If noBoundsChecksEmitted && !signalHandlersActivated, then this will return false and we won't call prepareAsmJSBuffer.  In that case, we can just call prepareForAsmJS(cx, heap, module.usesSignalHandlers()) and avoid the outparam here.

Next, if module.usesSignalHandlers(), then cx->canUseSignalHandlers was true during compilation.  If it got toggled to false, the someone must have used a debugger to change it.  They could just as well switch off signals after linking succeeds and we don't protect against that, so I think we shouldn't bother here.  In that case, we can remove this whole function and the call below.

::: js/src/jit/MIR.h
@@ +10325,5 @@
>  
>  class MAsmJSStoreHeap : public MBinaryInstruction, public MAsmJSHeapAccess
>  {
> +    MAsmJSStoreHeap(ArrayBufferView::ViewType vt, MDefinition *ptr,
> +                    MDefinition *v)

I expect 'v' could fit on the preceding line.

::: js/src/jit/x64/CodeGenerator-x64.cpp
@@ +251,5 @@
>  
>      if (ptr->isConstant()) {
>          int32_t ptrImm = ptr->toConstant()->toInt32();
>          // Note only a positive index is accepted here because a negative offset would
>          // not wrap back into the protected area reserved for the heap.
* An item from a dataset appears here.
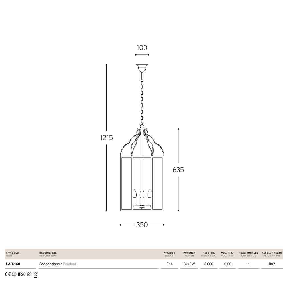 Llambë e varur me 3 drita bronzi dhe Turandot qelqi
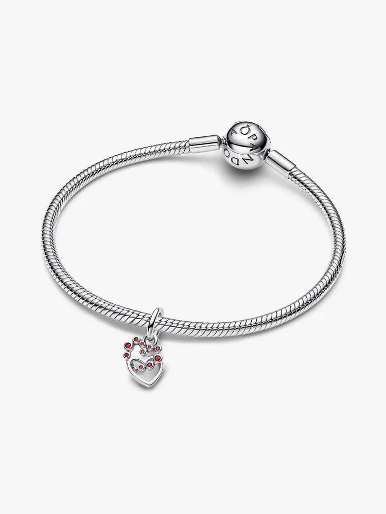 A symbol of connection and love. This sterling silver dangle features salsa red crystals set in a heart shape, with a second heart that moves freely to catch the light beautifully.

Pre-existing: this comment restates the comment in Lowering-x64.cpp; could you remove it?

@@ +260,5 @@
>      }
>  
> +    bool skipBoundsCheck = mir->skipBoundsCheck();
> +    OutOfLineLoadTypedArrayOutOfBounds *ool = nullptr;
> +    uint32_t maybeCmpOffset = UINT32_MAX; // guard value in AsmJSHeapAccess ctor

Instead of a comment, can you add a 'static const uint32_t NoLengthCheck = UINT32_MAX' inside AsmJSHeapAccess and use that within AsmJSHeapAccess instead of 'UINT32_MAX'?

@@ +264,5 @@
> +    uint32_t maybeCmpOffset = UINT32_MAX; // guard value in AsmJSHeapAccess ctor
> +    if (!skipBoundsCheck) {
> +        // On x64, we have bounds check iff we're not using signals handlers
> +        // for OOB accesses, in which case we need to note the access to patch
> +        // it at link time.

From a CodeGenerator pov, we don't need to mention signal handlers; the need for patching naturally falls out of the fact we're not skipping bounds checks so we need a cmp with a patched immediate.  So I'd remove this comment.

@@ +274,5 @@
> +        CodeOffsetLabel cmp = masm.cmplWithPatch(ToRegister(ptr), Imm32(0));
> +        masm.j(Assembler::AboveOrEqual, ool->entry());
> +        maybeCmpOffset = cmp.offset();
> +    }
> +    JS_ASSERT(skipBoundsCheck == (maybeCmpOffset == UINT32_MAX));

With the above, this assert isn't really necessary.  Also, there'd only be one use of 'skipBoundsCheck', so you could inline 'mir->skipBoundsCheck()' into that one use.

@@ +314,4 @@
>      }
>  
> +    bool skipBoundsCheck = mir->skipBoundsCheck();
> +    uint32_t maybeCmpOffset = UINT32_MAX; // guard value in AsmJSHeapAccess ctor

ditto above

@@ +323,5 @@
> +        CodeOffsetLabel cmp = masm.cmplWithPatch(ToRegister(ptr), Imm32(0));
> +        masm.j(Assembler::AboveOrEqual, &rejoin);
> +        maybeCmpOffset = cmp.offset();
> +    }
> +    JS_ASSERT(skipBoundsCheck == (maybeCmpOffset == UINT32_MAX));

ditto above

::: js/src/jit/x64/Lowering-x64.cpp
@@ +137,5 @@
> +    if (ptr->isConstant()) {
> +        int32_t ptrValue = ptr->toConstant()->value().toInt32();
> +        if (ins->skipBoundsCheck() && ptrValue >= 0) {
> +            // The X64 does not inline an explicit bounds check so has no need
> +            // to keep the index in a register, however only a positive index

Pre-existing nit: everything before the comma seems besides irrelevant, so could you remove it and start the sentence with "Only a positive index..."?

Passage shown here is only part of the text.